It was apparently established in Ashford that a planning permission must be construed solely by reference to the decision notice which actually grants permission, and that resort can only be had to the application and submitted drawings if they are expressly incorporated in the permission by clear words set out in the description of the development which the permission authorises, unless the words of the planning permission are ambiguous, in which case resort can then be had to extraneous material, and in particular to the application and submitted drawings.
This approach was refined in Barnett, which established that the approved drawings must be taken to be included in the permission, because in many cases the permission would be meaningless without the approved drawings. In practice, the approved drawings are usually listed in the permission so as to confirm which drawings the permission refers to.

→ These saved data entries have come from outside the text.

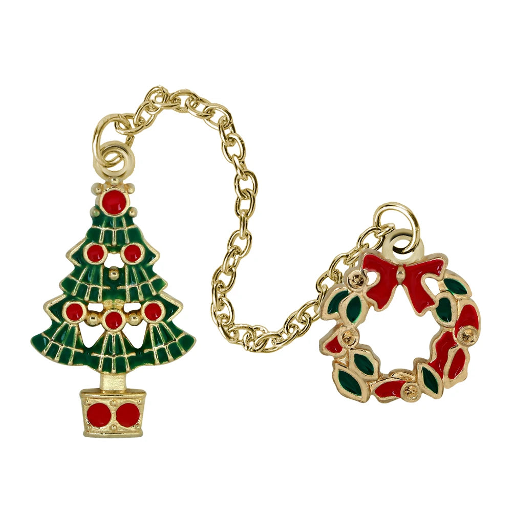 Świąteczna przypinka w kształcie choinki z ozdobnym łańcuszkiem to idealny akcent zimowych stylizacji. Doskonale wygląda na swetrze, kurtce, torbie, czy czapce. Mały, elegancki dodatek, który wprowadza świąteczny klimat i sprawdzi się jako prezent dla bliskich.
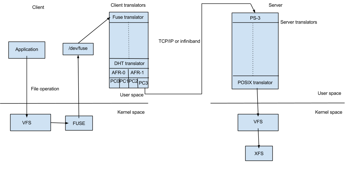 用户态是 fuse 实现的文件系统,通过网络协议走到 server,server 本身用的是本地的文件系统,glusterfs 推荐使用 xfs。
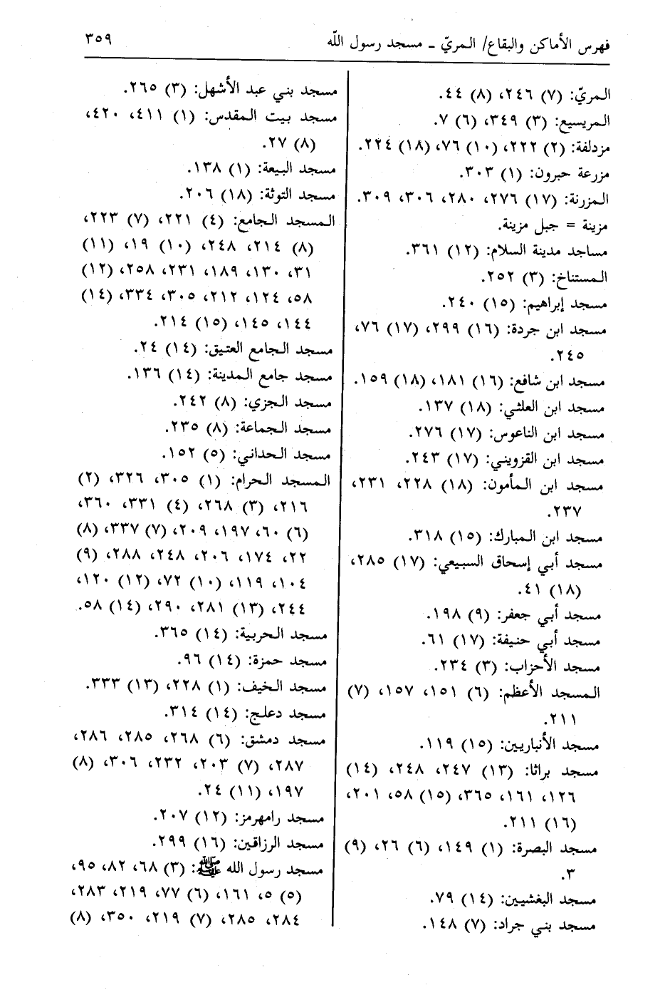 المسجد الحرام: (1) 305، 326، (2) 216، (3) 268، (4) 331، 360، (6) 60، 197، 209، (7) 337، (8) 22، 174، 206، 248، 288، (9) 104، 119، (10) 72، (12) 120، 244، (13) 281، 290، (14) 58.

Another case has now reached the High Court - Stevenage BC v. SSCLG [2010] EWHC 1289 (Admin) (in which judgment was given on 3 June) which raises further questions as to the interpretation of a planning permission. In this case, a planning permission which, according to its wording, was for external alterations to a retail unit was found by an Inspector in an LDC appeal also to grant permission for internal alterations to subdivide the retail unit. Normally, internal alterations do not require planning permission but, without going into the detail, the nature of the internal alterations in this case was such as to constitute development requiring planning permission.
Relying on Barnett, the Deputy Judge upheld the Inspector’s decision, and confirmed that because the application drawings clearly showed the internal alterations, they must be taken to have been included in the planning permission for alterations to the building granted in 2006.
The High Court has granted permission to appeal to the Court of Appeal in this case, because the principal point as to the primacy of the planning permission notice is an important one and in a context such as this has not been explicitly dealt with by the Court of Appeal [in Barnett].
So watch this space in a few months time for what will hopefully be a definitive decision from the Court of Appeal on the interpretation of planning permissions, particularly as regards the relationship between the wording of the notice and the approved drawings.